La casa, cuando llegaron hasta ella, era una fantasía oriental de bolsillo, un Topkapi en miniatura, no más grande que un parque de bomberos y embutido en aquel lugar diminuto. Se ovillaba como un gato dormido en torno a una torre central rematada por una cúpula que parecía, entre otras cosas, una cabeza de ajos. Mediante un uso hábil de la perspectiva forzada y de la escala manipulada, la casa conseguía parecer mucho más grande de lo que era. Su exuberante capa de enredaderas de Virginia, la oscuridad de su patio y el revoltijo desafortunado de sus tejadillos y capiteles le daban un aire de antigüedad, pero en realidad se había terminado de construir en septiembre de 1930, por la época en que Al Smith ponía los cimientos del Empire State. Igual que aquella otra estructura, era una especie de morada ideal, que al igual que el Hombre Largo de Harkoo, originalmente se había aparecido a Longman Harkoo en sueños, dándole la excusa que llevaba tiempo buscando para derribar la vieja y aburrida casa de estilo neogriego que había sido la casa familiar de la familia de su madre desde que se creara el Greenwich Village. A su vez, aquella casa había reemplazado una estructura mucho más antigua, que se remontaba a los años de la dominación británica, en la cual —o por lo menos eso decía Harkoo— una antepasado suyo judío-holandés albergó al diablo durante su gira de 1682 por las colonias.
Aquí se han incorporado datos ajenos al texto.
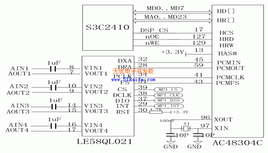语音CODEC采用AMD的LE58QL021,该器件是3.3V单电压用户线语音处理器,在小型语音网关中是AC48304的常用搭配,支持4通道语音AD/DA,支持E1 PCM Highway,能与AC48304实现无缝连接。LE58QL021的工作模式可软件编程控制,ARM通过MPI(Microprocessor Interface)串行控制总线设置LE58QL021的各种工作参数。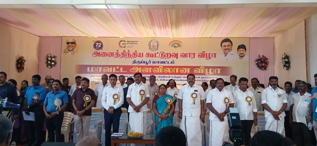 திருப்பூர் மாவட்டம் பல்லடம் அருகே குடுவாய்ப் பகுதியில் கூட்டுறவு 72 ஆவது சங்க வார விழாவில் பங்கேற்று பல்வேறு நலத்திட்ட உதவிகளை வழங்கிய செய்தித் துறை அமைச்சர்மு பெ. சாமிநாதன் மற்றும் அமைச்சர் கயல்விழி செல்வராஜ் மற்றும் மாவட்ட ஆட்சியர் மனிஷ் நாரனரேவ் உள்ளிட்டோர் பங்கேற்றனர்.அப்போது செய்தியாளர்களை சந்தித்த செய்தி துறை அமைச்சர் மு.பெ. சாமிநாதன் ஜாக்டோ ஜியோ அமைப்பினர் போராட்டத்தில் அரசு நடவடிக்கை குறித்த கேள்விகளுக்கு எஸ் ஐ ஆர் நடவடிக்கையை மத்திய அரசு மறுபரிசீலனை செய்ய வேண்டும் என்றும் தமிழக முதல்வர் எஸ்ஐஆர் நடவடிக்கை வேண்டாம் என்று சொல்லவில்லை என்றும் தெரிவித்த அவர் ஜாக்டோ ஜியோ அமைப்பினர் போராட்டத்திற்கு பிறகாவது மத்திய அரசு SIR நடவடிக்கையை மறுபரிசீலனை செய்ய வேண்டும் தெரிவித்தார்

Joe se dio cuenta de que Sammy se estaba rezagando un poco; miraba la torre en miniatura y se acariciaba con aire ausente la parte superior de su muslo izquierdo, con expresión solemne y nerviosa a la luz de las antorchas que flanqueaban la puerta. Con su flamante traje de raya diplomática, le recordaba a Joe a su personaje, el Monitor, ataviado para librar batallas contra sus pérfidos enemigos. De pronto Joe también sintió cierta aprensión. No se le había ocurrido hasta aquel momento, con toda la charla sobre bombas, prendas de lana y programas de radio, que habían bajado al centro con Deasey para asistir a una fiesta.
Ninguno de los dos primos era muy amigo de las fiestas. Aunque a Sammy le volvía loco el swing, obviamente no podía bailar con sus piernas flacas como limpiadores de pipa; los nervios le quitaban el hambre y en todo caso le avergonzaba demasiado su falta de modales como para comer nada. Y le desagradaba el sabor de los licores y de la cerveza. Introducido en un círculo maldito de parloteo y jazz, acababa de forma inevitable escondido detrás de alguna planta. Su escandaloso e irresponsable don para la conversación, por medio del cual había levantado Amazing Midget Radio Comics y de paso toda la idea de Empire, lo abandonaba. Lo ponías delante de una habitación llena de gente trabajando y era imposible hacerlo callar. El trabajo no era trabajo para él. Las fiestas sí lo eran. Las mujeres lo eran. En los estudios Mala Sombra, cada vez que se producía la conjunción aleatoria de chicas y una botella, Sammy simplemente desaparecía, igual que la fortuna de Mike Campbell, al principio un poco cada vez y luego toda de pronto.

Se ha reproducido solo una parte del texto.